O Zé Ferrão bem sabe que devemos ser tolerantes. A tolerância, como todos sabemos, é a capacidade de conviver com o que está errado - uma vez que se assim não fosse, seria desinteligência e não tolerância, porque seria não querer ver o que está certo. Ora eu não tenho nada contra a tolerância devida a quem seja ou queira ser homossexual. O que me choca é que, na Assembleia da República, o tal lóbi queira fazer uma cruzada contra a família de raiz judeo-cristã e se debata a ferro e fogo em prol do casamento dos gays como sendo igual a qualquer outro casamento. Bem sei que, na frieza da lei civil, o casamento é um contrato, como é o de compra e venda ou o de prestação de serviços. Porém, até a lei - claro que feita por velhadas incompetentes do tempo do Estado Novo, beatos, a cheirar a água benta e sem o mínimo conhecimento jurídico!!!! - há incapacidade de gozo para contrair casamento em determinadas situações, dada a especificidade tão grande de tal contrato!
O PS diz na Assembleia que até ao fim desta legislatura há-de haver entre nós a legalização dos casamentos gay! O Presidente da Câmara de Lisboa já tinha dito que cederia o Salão Nobre dos Paços do Concelho para a realização da cerimónia - espero que também pague os vestidos, o copo de água e que os casamentos gay passem a ser casamentos de santo António (Costa)! Não sei se, na sequência de tão felizes enlaces, os edifícios do Estado poderão servir para a consumação dos casamentos, mas é provável que sim!!!


Há questões que são fracturantes na nossa sociedade! Não há raio de liberdade e de igualdade neste mundo que seja justificativo de tal bestialidade!
Mas o Zé também sabe que há uma incapacidade geral dos nossos políticos em pensar, ser racional e colocar a funcionar o que tem - se é que tem!? - em cima dos ombros!

quarta-feira, 2 de julho de 2008

Uma Ministra que, em público, diz que vai pró público! Carago!!!
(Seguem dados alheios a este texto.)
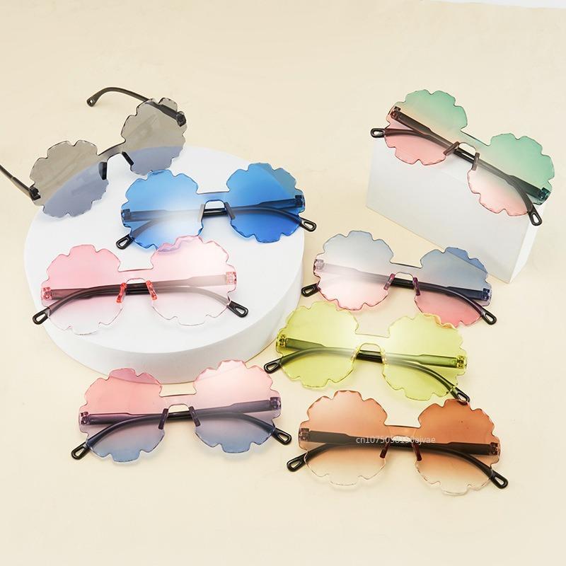 Luxury Round Children'S Sunglasses Rimless Shades Sun Glasses For Boys Girls Vintage Flower Shape Sun Glasses Eyewear Uv400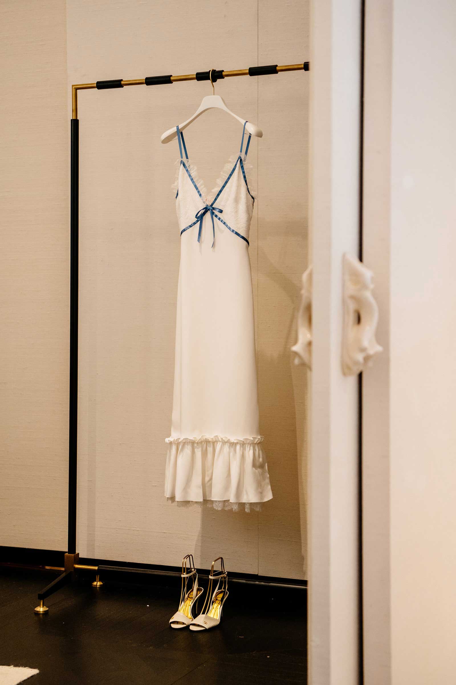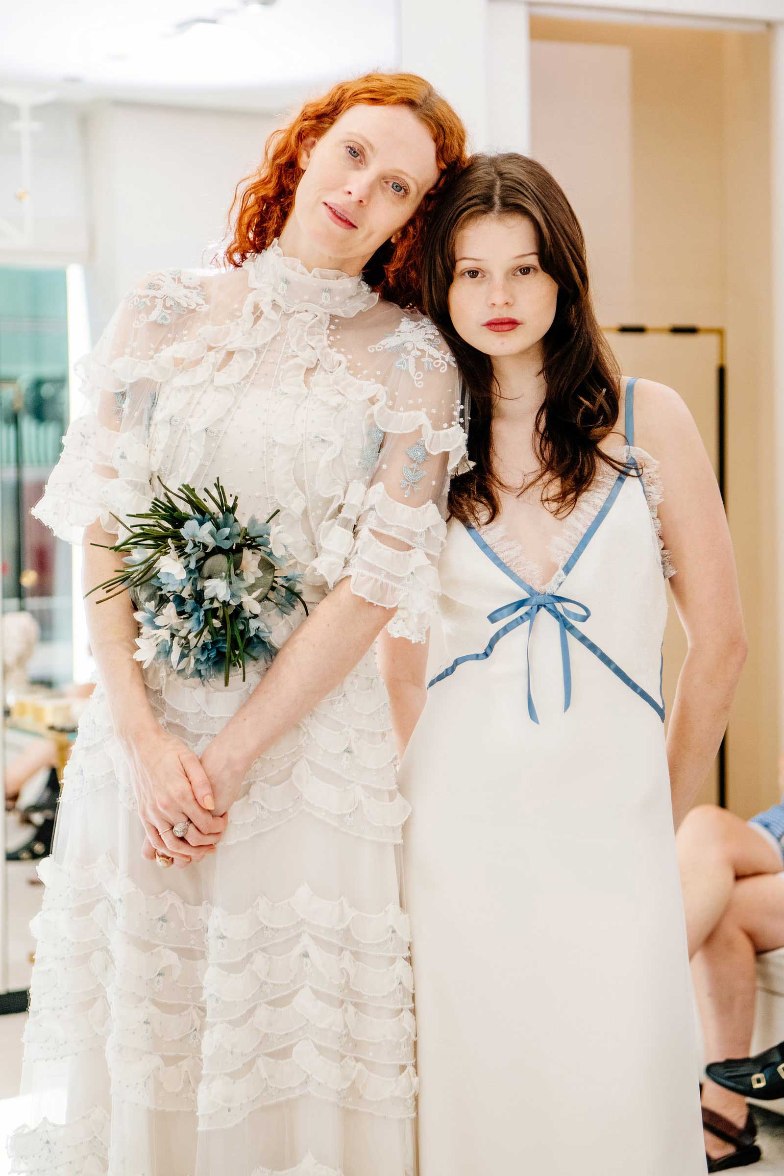 After stepping out of the changing room in her dress, Karen modeled the custom piece for her daughter and father as well as the Valentino and Vogue teams. “I am not a girl who wants to be uncomfortable in clothes. That’s what I do for a living. This is precious cargo!” Karen said, admiring the garment’s intricate embroideries. “We talked about having a pop of color—would it be a green or a yellow?” she recalled. “And actually, I was like: ‘It should be a pop of blue somewhere,’ for the traditional ‘something borrowed, something blue.’”

O Zé, esta noite, até dormiu melhor. Foi uma consolação, uma alegria que até fez passar a noite sem ressonar!!! Uma Paz no prédio inteiro. A senhora Ministra da Saúde, com seu ar saudável e voz angélica, informou os portugueses que também gosta de passar longas horas nas filas de espera para arranjar uma vaga para as consultas, olá! A final, não é só o zé parolo que tem que suportar um serviço nacional de saúde com graves deficiências, atrasos e demoras intermináveis e consultas de especialidade marcadas para depois da morte. A Senhora Ministra, dando uma ferroada ao sector privado - que é pelo menos incompetente, nas suas palavras não ditas - diz que vai ao serviço público. Como se alguém acreditasse em tal coisa, benza-a Deus!
Uma coisa é certa e o Zé entende: se ela, ainda que com revolta das tripas, não defende a sua dama, quem é que a vai defender, sabendo que funciona tão mal?
Mas fica aqui um reparo à Senhora Ministra: não diga tais asneiras à custa do sector privado, que toda a gente sabe que só tem progredido e bem porque o Estado não cumpre e aplica os impostos do zé em basbaquices que não deve.
Já dizia o Senhor Presidente do Conselho - não o actual, o doutros tempos, o botas, - que em política o que parece é. Mas, ó Senhora Ministra, aquilo que a Senhora diz nem sequer parece.
Políticos com credibilidade, eis o nosso maior tesouro para combater o deficit!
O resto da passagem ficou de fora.